## THE PROBLEM
Whatever pictures appear, omit them, and repeat the data below exactly.

## GIVEN INFORMATION
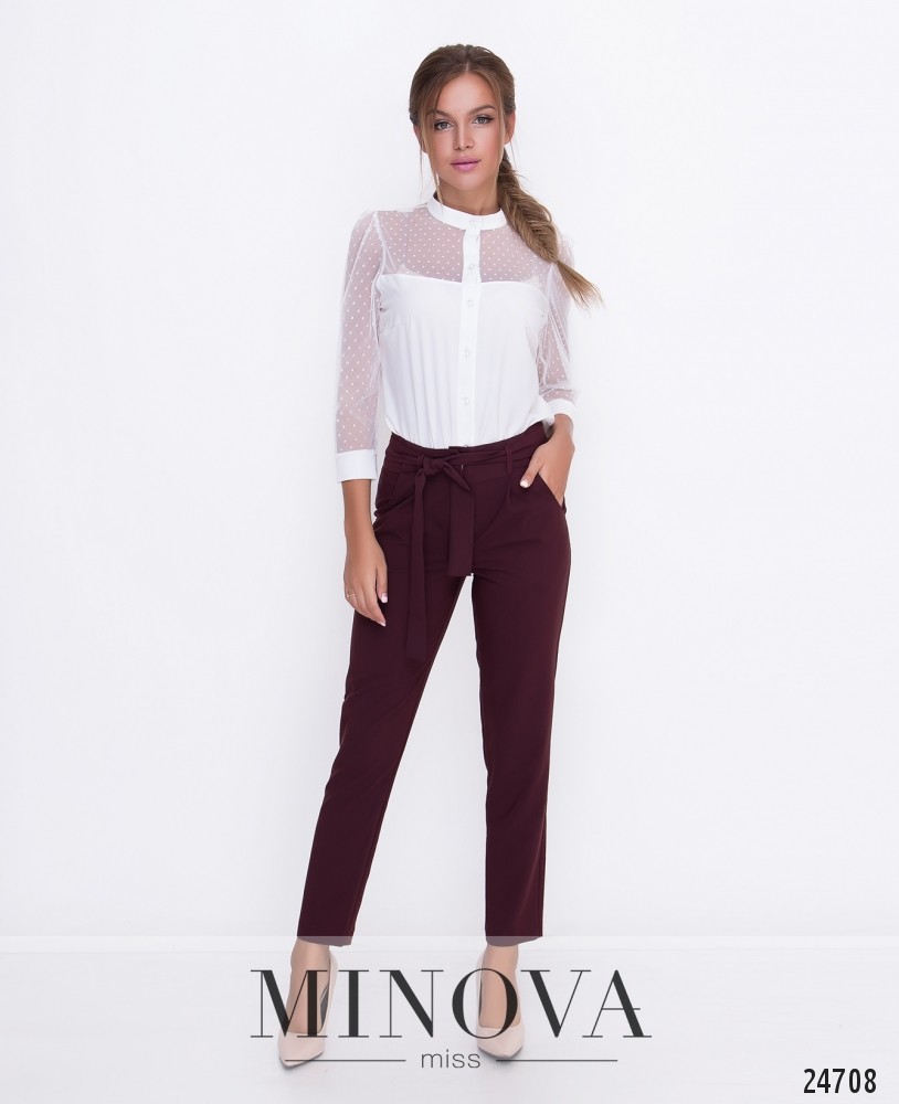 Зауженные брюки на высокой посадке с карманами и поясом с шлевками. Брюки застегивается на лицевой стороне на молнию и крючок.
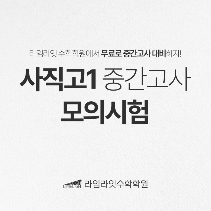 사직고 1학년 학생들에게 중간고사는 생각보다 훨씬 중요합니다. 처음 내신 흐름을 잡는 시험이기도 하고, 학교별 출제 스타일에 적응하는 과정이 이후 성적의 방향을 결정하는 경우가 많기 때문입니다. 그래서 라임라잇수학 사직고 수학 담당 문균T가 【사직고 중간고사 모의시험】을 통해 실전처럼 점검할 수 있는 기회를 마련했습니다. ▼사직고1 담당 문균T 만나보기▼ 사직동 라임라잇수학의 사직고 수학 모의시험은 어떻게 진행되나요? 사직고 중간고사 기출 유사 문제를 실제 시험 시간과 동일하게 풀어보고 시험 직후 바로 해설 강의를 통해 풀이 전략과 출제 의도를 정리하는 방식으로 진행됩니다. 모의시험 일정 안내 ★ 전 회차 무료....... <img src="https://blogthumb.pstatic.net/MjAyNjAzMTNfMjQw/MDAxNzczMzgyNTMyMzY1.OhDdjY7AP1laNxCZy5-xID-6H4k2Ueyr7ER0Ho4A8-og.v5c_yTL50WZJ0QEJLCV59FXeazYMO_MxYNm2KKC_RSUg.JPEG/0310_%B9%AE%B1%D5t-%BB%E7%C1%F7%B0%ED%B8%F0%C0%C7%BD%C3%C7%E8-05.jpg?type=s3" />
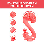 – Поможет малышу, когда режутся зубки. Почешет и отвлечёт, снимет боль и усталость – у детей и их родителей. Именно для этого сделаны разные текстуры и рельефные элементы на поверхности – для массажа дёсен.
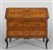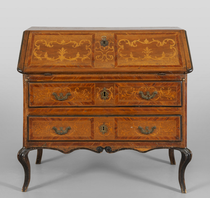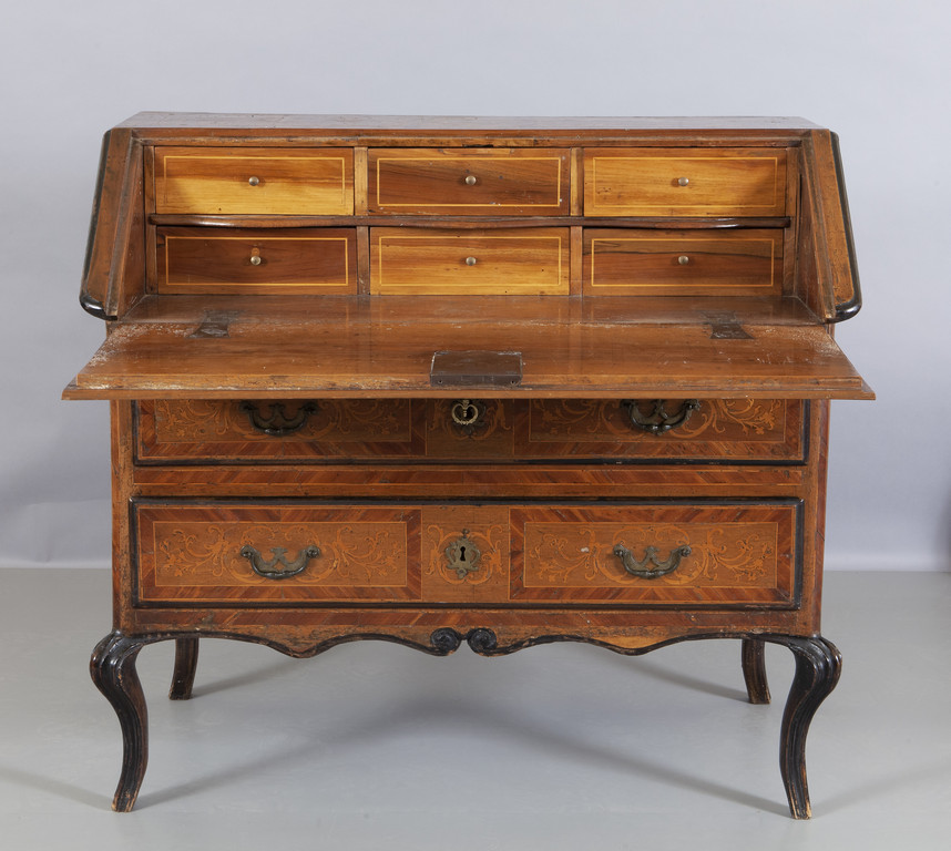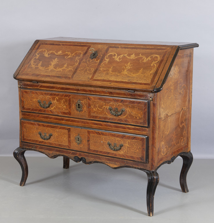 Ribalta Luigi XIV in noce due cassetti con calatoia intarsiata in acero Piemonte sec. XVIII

## TASK ANSWER
 Зауженные брюки на высокой посадке с карманами и поясом с шлевками. Брюки застегивается на лицевой стороне на молнию и крючок.
 사직고 1학년 학생들에게 중간고사는 생각보다 훨씬 중요합니다. 처음 내신 흐름을 잡는 시험이기도 하고, 학교별 출제 스타일에 적응하는 과정이 이후 성적의 방향을 결정하는 경우가 많기 때문입니다. 그래서 라임라잇수학 사직고 수학 담당 문균T가 【사직고 중간고사 모의시험】을 통해 실전처럼 점검할 수 있는 기회를 마련했습니다. ▼사직고1 담당 문균T 만나보기▼ 사직동 라임라잇수학의 사직고 수학 모의시험은 어떻게 진행되나요? 사직고 중간고사 기출 유사 문제를 실제 시험 시간과 동일하게 풀어보고 시험 직후 바로 해설 강의를 통해 풀이 전략과 출제 의도를 정리하는 방식으로 진행됩니다. 모의시험 일정 안내 ★ 전 회차 무료....... <img src="https://blogthumb.pstatic.net/MjAyNjAzMTNfMjQw/MDAxNzczMzgyNTMyMzY1.OhDdjY7AP1laNxCZy5-xID-6H4k2Ueyr7ER0Ho4A8-og.v5c_yTL50WZJ0QEJLCV59FXeazYMO_MxYNm2KKC_RSUg.JPEG/0310_%B9%AE%B1%D5t-%BB%E7%C1%F7%B0%ED%B8%F0%C0%C7%BD%C3%C7%E8-05.jpg?type=s3" />
 – Поможет малышу, когда режутся зубки. Почешет и отвлечёт, снимет боль и усталость – у детей и их родителей. Именно для этого сделаны разные текстуры и рельефные элементы на поверхности – для массажа дёсен.
 Ribalta Luigi XIV in noce due cassetti con calatoia intarsiata in acero Piemonte sec. XVIII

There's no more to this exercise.